The world is full of empty headed fools —
their courses set by half truths and whole lies —
who trust their leaders, and obey the rules,
and bow to every bright new flag that flies.

To cry “Alas!” that there are such as these
is pointless waste of energy and time.
One might as well imagine every breeze
a hurricane, each pole a desert clime.

Each seeks a level suited to their stage,
and to expect the masses to react
against their nature’s book (line, verse and page)
is to deny both illusion and fact.

In such a world, it’s difficult to keep
from thinking that some doom is close at hand.
A wise observer oft can only weep,
while knowing their tears, few will understand.

And yet, despite the cruel and senseless scenes
that seem to dominate the nightly news
(where gloried ends achieved by any means
are often praised as righteous, sacred views)

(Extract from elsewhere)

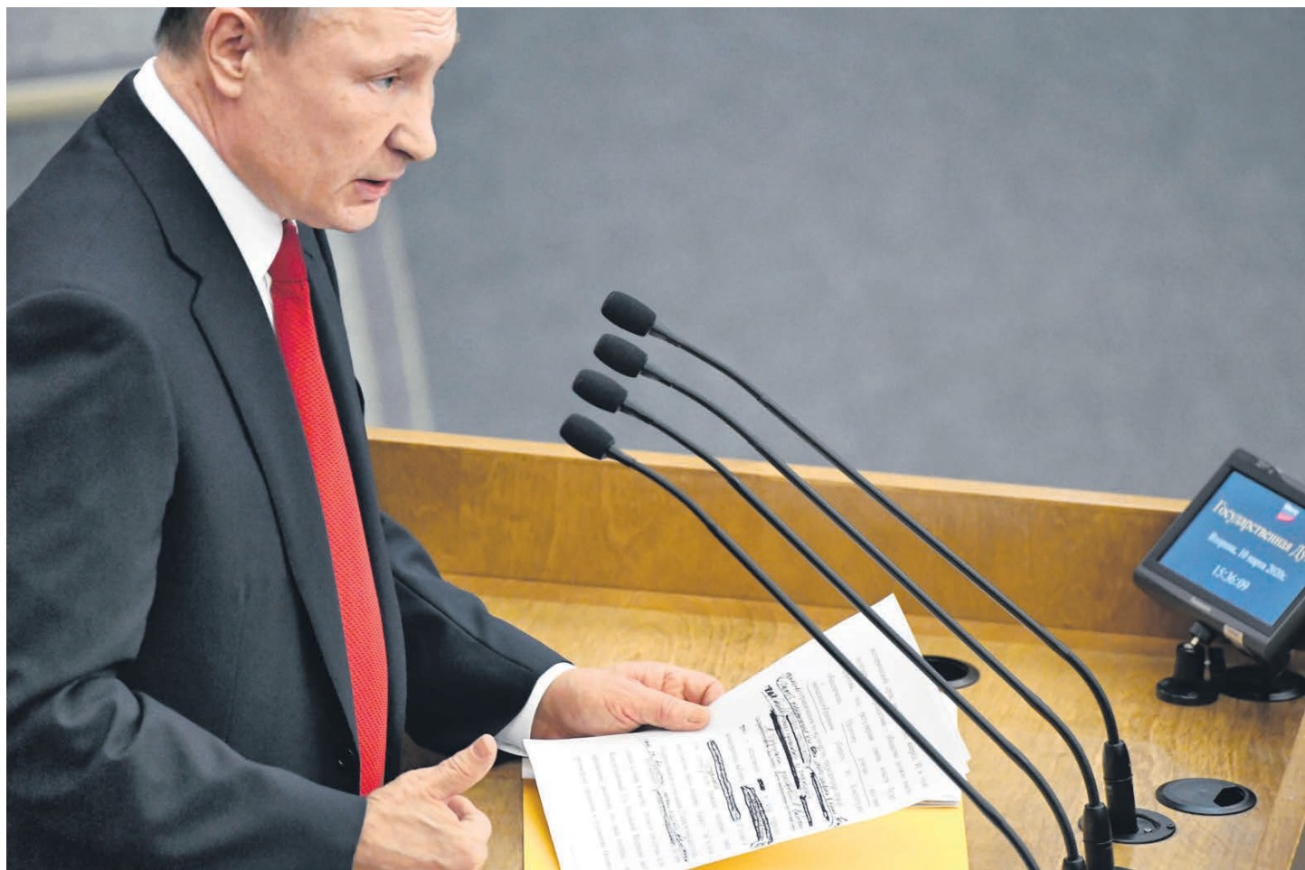
Владимир Путин энергично работал над своим текстом.

— Вопрос-то на самом деле стоит не о нем, а о нас... — читала Валентина Терешкова без особого, впрочем, вдохновения, и кто-то, наверное, уже даже жалел, что текст произносит именно она. — О гражданах России и ее будущем. А если так, то зачем крутить и мудрить? Зачем гордить какие-то искусственные конструкции? Надо все честно, открыто и публично рассмотреть. Или вообще убрать ограничение по числу президентских сроков в Конституции. Или, если этого потребует ситуация и, самое главное, если этого захотят люди, заложить в законе возможность для действующего президента вновь избираться на эту должность, уже
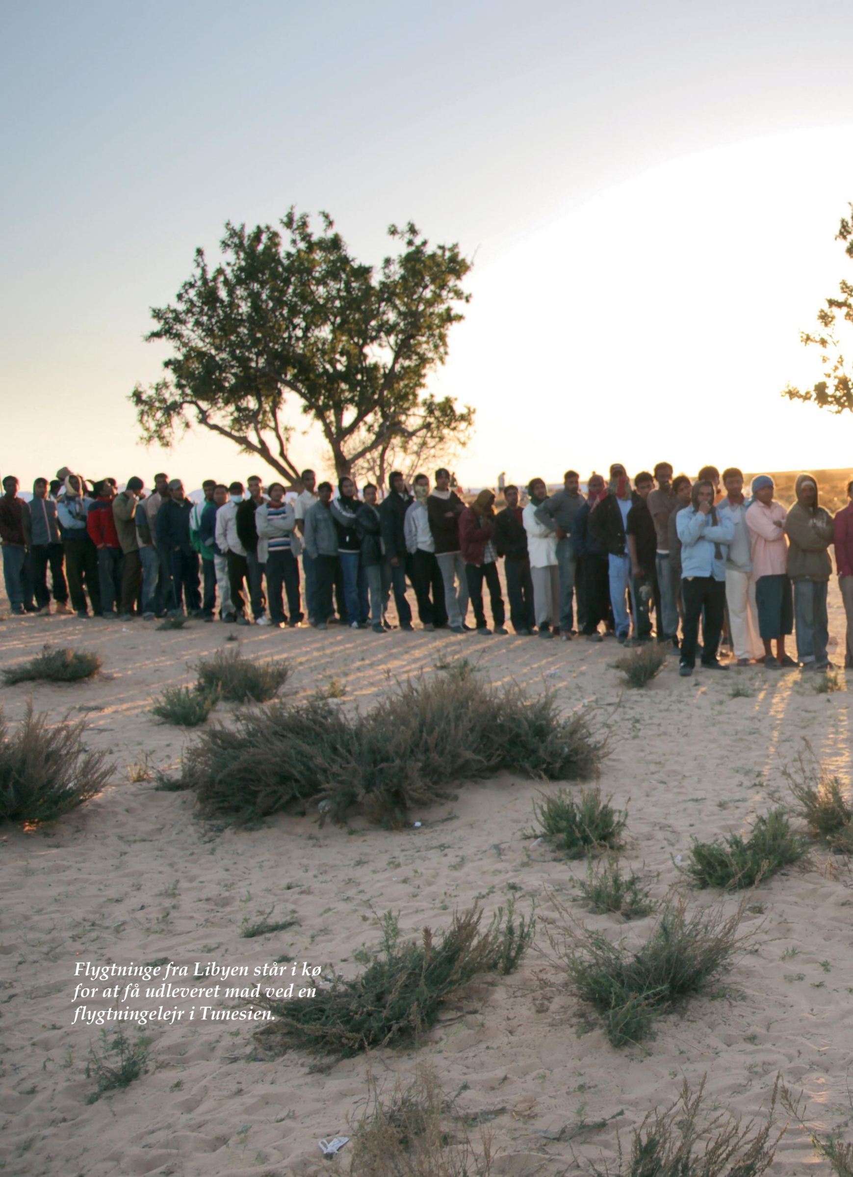
Flygtninge fra Libyen står i kø for at få udleveret mad ved en flygtningelejr i Tunesien.

some things still retain power, and unscarred,
escape vain rhetoric’s ensnaring noose.
Despite how it may read on the cue card,
truth cannot be perverted for misuse.

Some may abuse it, twist it, change white black,
by their perversion cast it into doubt,
but some part of it, pure and strong, fights back;
and in the darkest hour, it will out.

The trick is finding what truth is in you,
that inner core that no one can corrupt.
Against that strength, no matter what they do,
all lies must end, and lying tongues, shut up.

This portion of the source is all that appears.